(Stored entries)
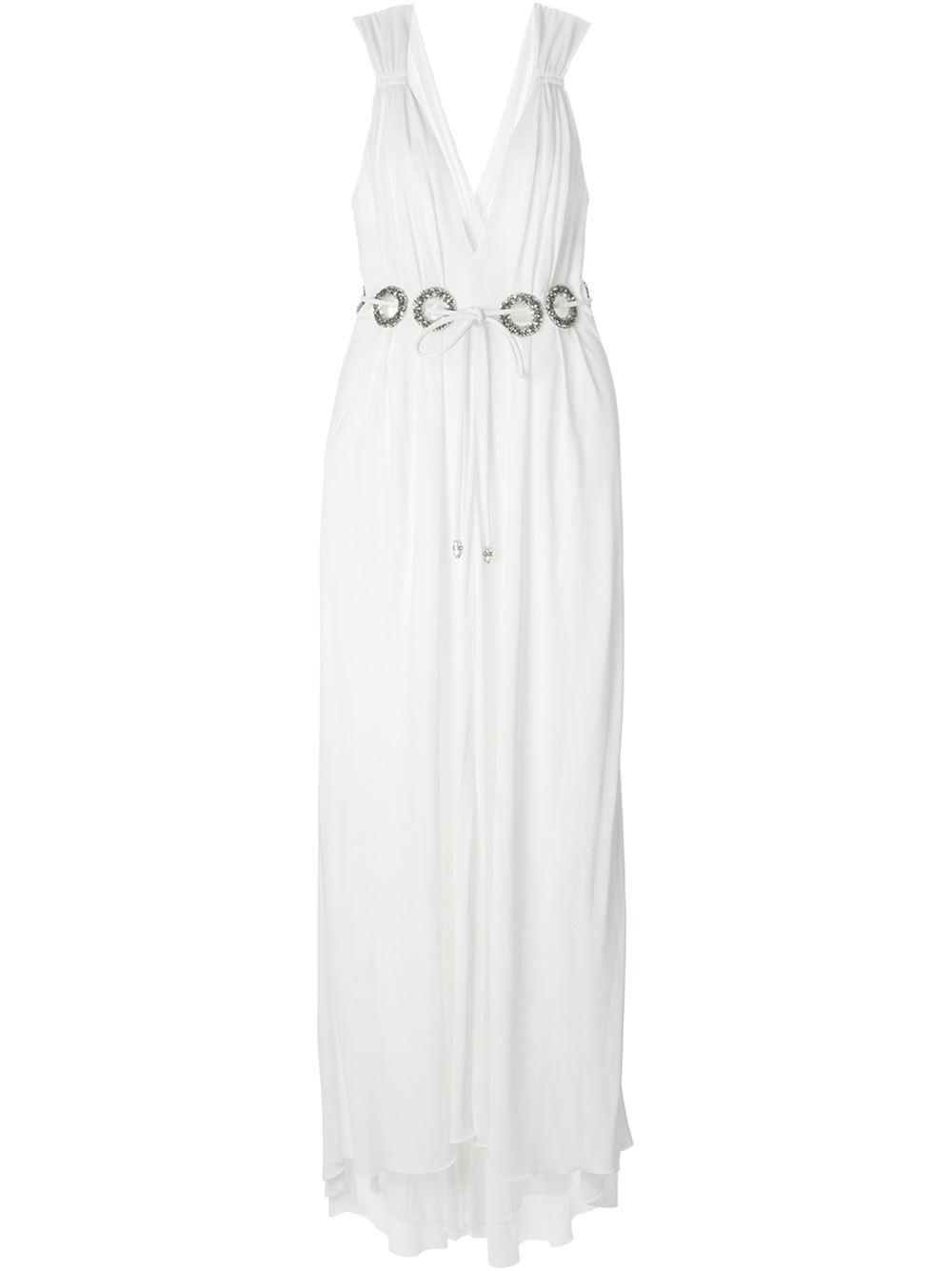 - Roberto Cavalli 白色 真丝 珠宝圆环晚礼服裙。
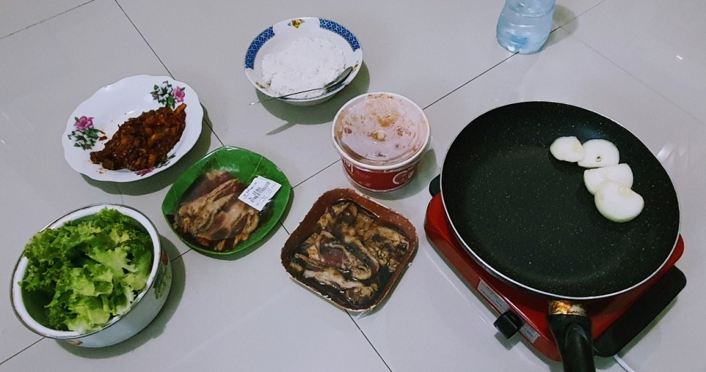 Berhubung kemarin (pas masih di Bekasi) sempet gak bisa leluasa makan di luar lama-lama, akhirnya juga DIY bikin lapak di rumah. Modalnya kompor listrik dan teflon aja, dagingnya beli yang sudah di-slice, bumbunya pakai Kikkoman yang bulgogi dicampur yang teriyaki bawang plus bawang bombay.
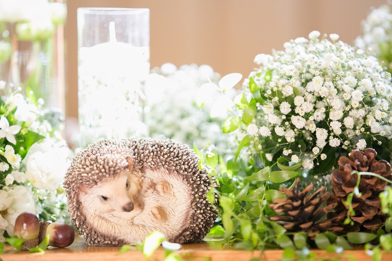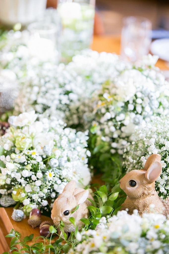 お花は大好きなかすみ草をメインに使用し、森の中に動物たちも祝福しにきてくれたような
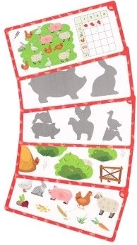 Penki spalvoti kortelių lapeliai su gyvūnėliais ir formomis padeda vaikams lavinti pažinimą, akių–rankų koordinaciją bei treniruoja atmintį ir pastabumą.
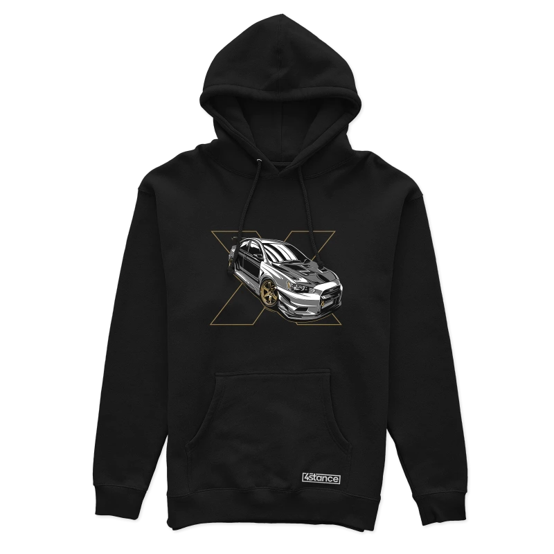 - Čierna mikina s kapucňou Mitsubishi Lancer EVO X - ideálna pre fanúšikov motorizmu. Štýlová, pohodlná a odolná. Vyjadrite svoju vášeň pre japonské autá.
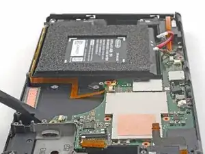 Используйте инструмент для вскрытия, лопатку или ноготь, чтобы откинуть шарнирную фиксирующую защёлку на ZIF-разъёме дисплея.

__HOW TO COMPLETE THIS TASK__.
Please set down each line of the data above exactly as written, without the pictures.

__RESPONSE__.
 - Roberto Cavalli 白色 真丝 珠宝圆环晚礼服裙。
 Berhubung kemarin (pas masih di Bekasi) sempet gak bisa leluasa makan di luar lama-lama, akhirnya juga DIY bikin lapak di rumah. Modalnya kompor listrik dan teflon aja, dagingnya beli yang sudah di-slice, bumbunya pakai Kikkoman yang bulgogi dicampur yang teriyaki bawang plus bawang bombay.
 お花は大好きなかすみ草をメインに使用し、森の中に動物たちも祝福しにきてくれたような
 Penki spalvoti kortelių lapeliai su gyvūnėliais ir formomis padeda vaikams lavinti pažinimą, akių–rankų koordinaciją bei treniruoja atmintį ir pastabumą.
 - Čierna mikina s kapucňou Mitsubishi Lancer EVO X - ideálna pre fanúšikov motorizmu. Štýlová, pohodlná a odolná. Vyjadrite svoju vášeň pre japonské autá.
 Используйте инструмент для вскрытия, лопатку или ноготь, чтобы откинуть шарнирную фиксирующую защёлку на ZIF-разъёме дисплея.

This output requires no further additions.